Dataset content —

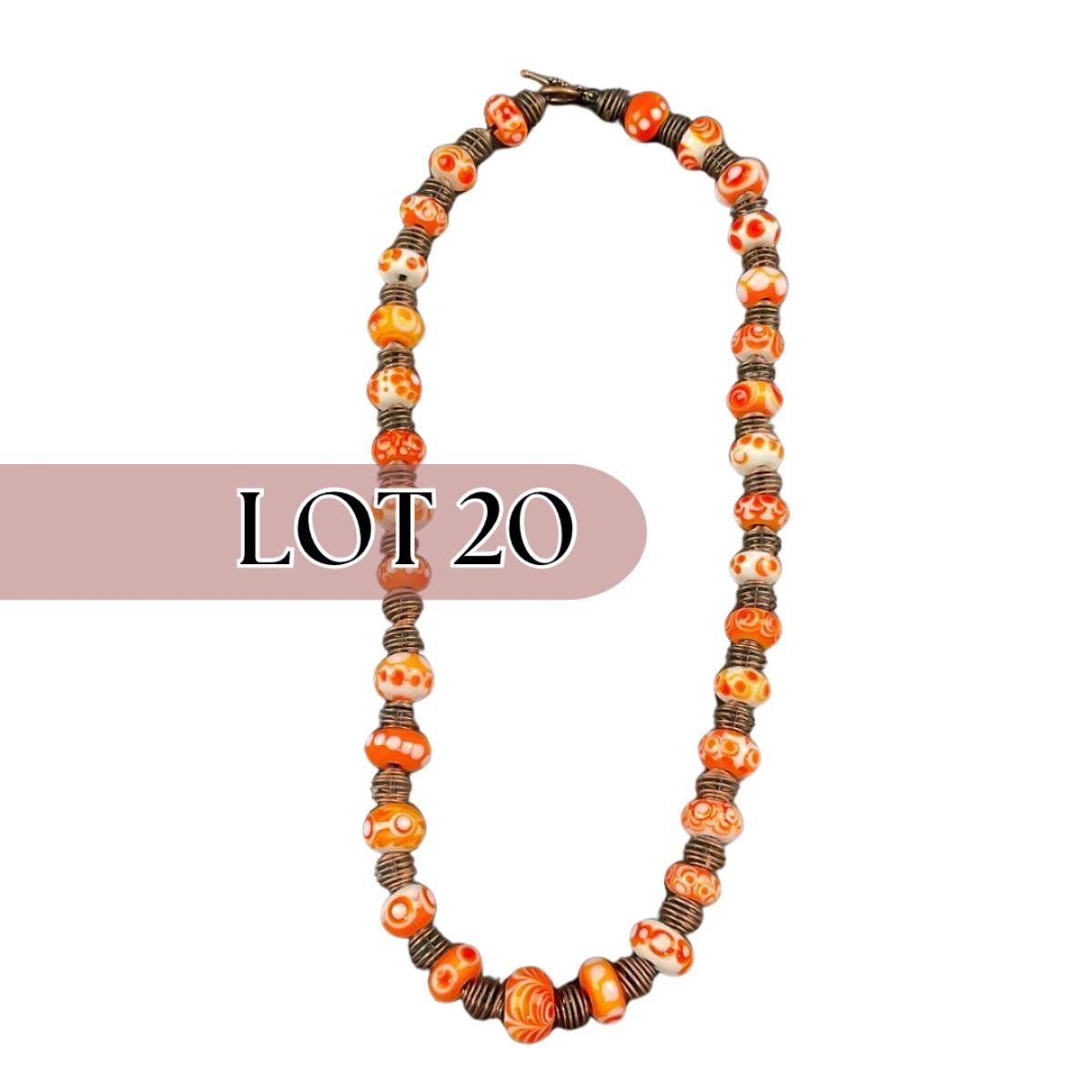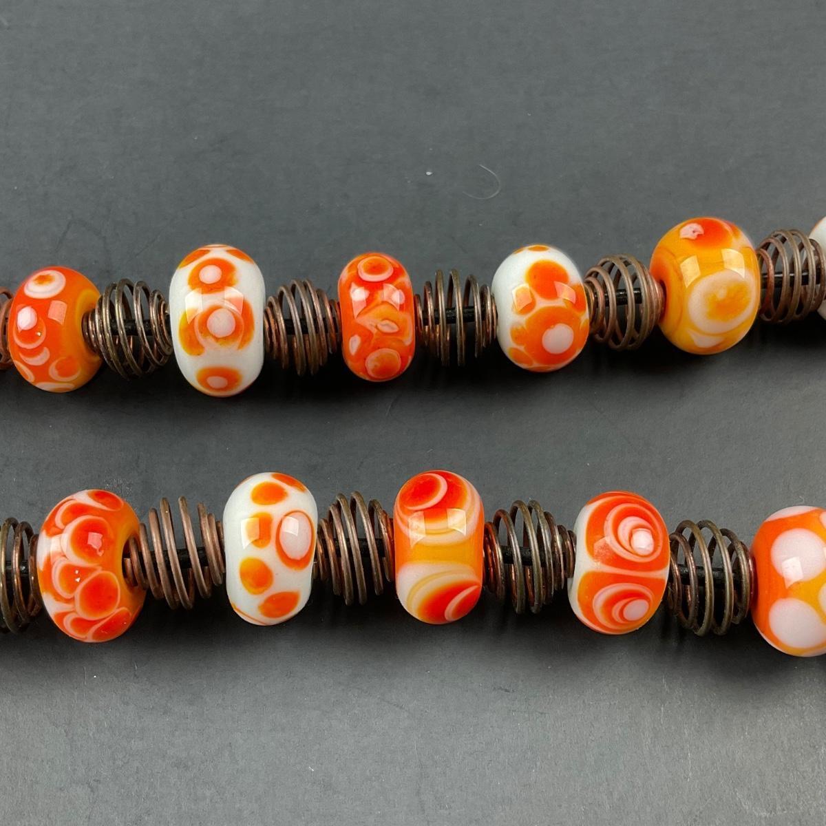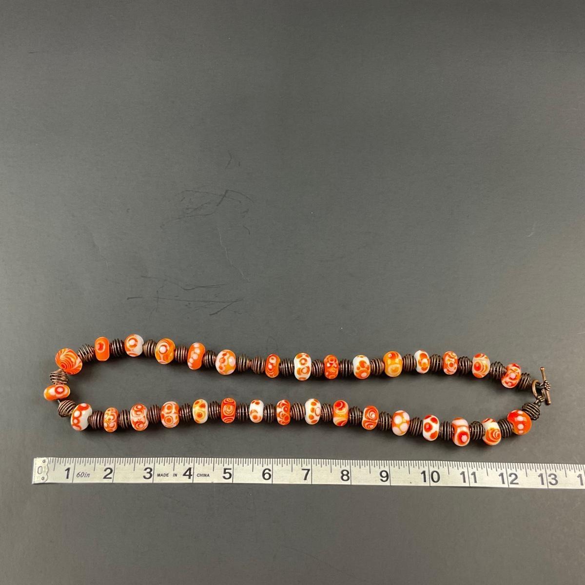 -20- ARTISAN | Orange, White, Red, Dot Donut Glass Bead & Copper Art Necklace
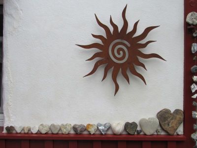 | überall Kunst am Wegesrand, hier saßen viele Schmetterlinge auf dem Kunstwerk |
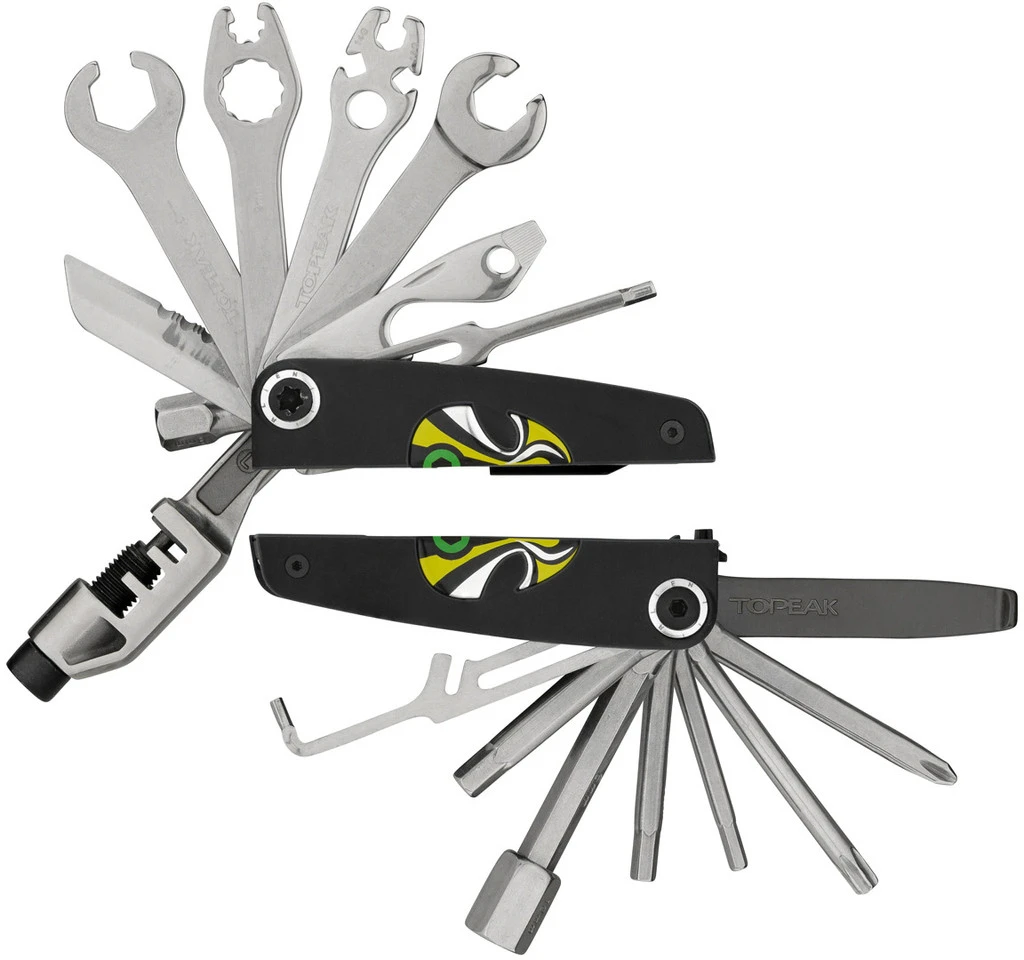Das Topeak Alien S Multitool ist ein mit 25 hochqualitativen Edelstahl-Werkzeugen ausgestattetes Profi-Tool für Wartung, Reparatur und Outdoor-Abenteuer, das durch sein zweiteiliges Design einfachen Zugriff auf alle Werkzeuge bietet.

The task — Whenever images occur above, omit them and retype each line exactly as it stands.

Response area —
 -20- ARTISAN | Orange, White, Red, Dot Donut Glass Bead & Copper Art Necklace
 | überall Kunst am Wegesrand, hier saßen viele Schmetterlinge auf dem Kunstwerk |
Das Topeak Alien S Multitool ist ein mit 25 hochqualitativen Edelstahl-Werkzeugen ausgestattetes Profi-Tool für Wartung, Reparatur und Outdoor-Abenteuer, das durch sein zweiteiliges Design einfachen Zugriff auf alle Werkzeuge bietet.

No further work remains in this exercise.